Data Eng Weekly


Data Eng Weekly Issue #255

11 March 2018

The Strata Data Conference was this week, and there's coverage of a few enterprise releases made there. It was also a popular week for open source releases, with Apache Kafka, Apache Flink, and several other projects announcing new versions. There are also several tutorials, a fantastic article on the data engineering space, and great technical deep dives on Kafka at Cloudflare, Instagram's RocksDB storage layer for Apache Cassandra, and Jepsen testing for Aerospike.

Sponsor

At Foursquare, we understand where millions of phones go everyday. Our tech and map are changing the landscape of social, travel, mobile. We’re hiring data engineers, platform engineers, tech leads, full stack web engineers, +++. Join us!

https://bitly.com/foursquare-jobs-data-eng-weekly

Technical

Cloudflare has a great post on their work to optimize a Kafka cluster by enabling compression. The post describes the motivation, the work they did to get the golang client to work efficiently, and their experience with various different compression libraries. In the end, they were able to decrease network and storage usage by 4.5x.

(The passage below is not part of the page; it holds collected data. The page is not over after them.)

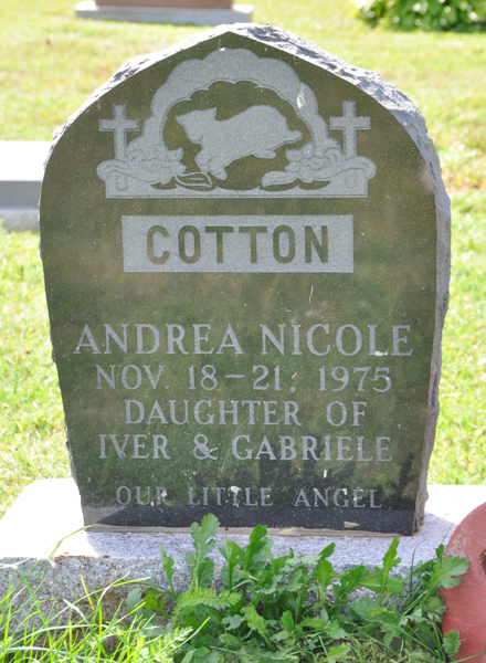 Inscription: COTTON / Andrea Nicole / Nov. 18 - 21, 1975 / Daughter of / Iver & Gabriele / Our Little Angel.1,2  Tombstone, Andrea Nicole Cotton (1975-1975). Peoples Cemetery, Kensington, Prince County, Prince Edward Island, Canada.
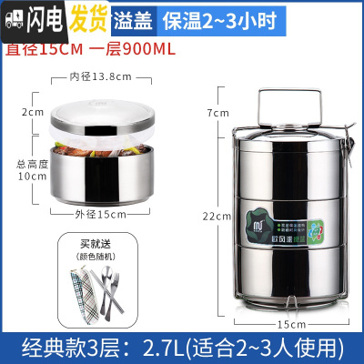三维工匠大容量多层保温饭盒不锈钢家用三层双层送餐盒手提便携提篮带饭桶 [每层900]3层2.7(送餐具)
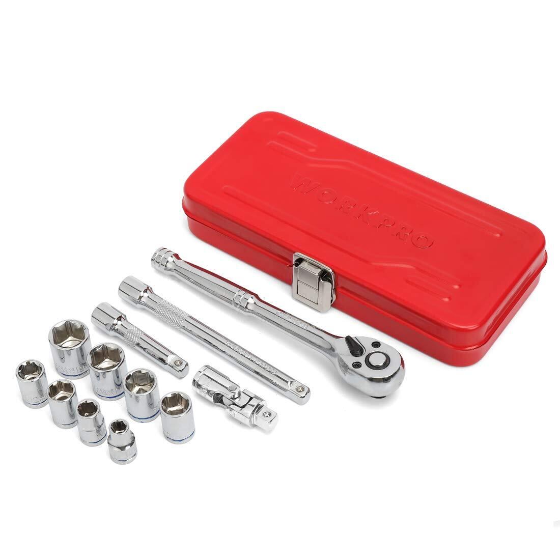 WORKPRO ソケットレンチセット ガレージツールセット ラチェットレンチ 差込角9.5mm(3/8インチ) クイックリリースラチェットハンドル 工具 道具 セット 12点組【鉄製ケース付属】
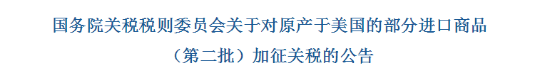 加征關(guān)稅清單點(diǎn)擊:國(guó)務(wù)院關(guān)稅稅則委員會(huì)關(guān)于對(duì)原產(chǎn)于美國(guó)的部分進(jìn)口商品(第二批)加征關(guān)稅的公告
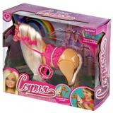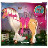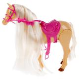 Эта красивая лошадка с голубыми глазами и эффектным розовым седлом непременно понравится вашей малышке. У лошади гладкая и блестящая грива, украшенная бантиками. С ней девочка сможет отправить любимую куклу на конную прогулку и придумать еще много новых сюжетов для игр.

https://blog.cloudflare.com/squeezing-the-firehose/

This article provides a fantastic survey of the data engineering space—from tools (such as Hadoop and friends) to the roles and responsibilities of a data engineer to online databases and the CAP theorem to predictions for the future. There's also good list of common terminology (such as data mart, data lake, OLAP/OLTP) and definitions.

https://medium.com/@richard534/getting-started-with-data-engineering-3d2e728d0c1f

Starting with the high-level concept of event sourcing, this post goes into a few architectural options and then describes how to implement event sourcing with Kafka Streams. There are some good tips like how to configure standby replicas and implementing various types of delivery guarantees with Kafka.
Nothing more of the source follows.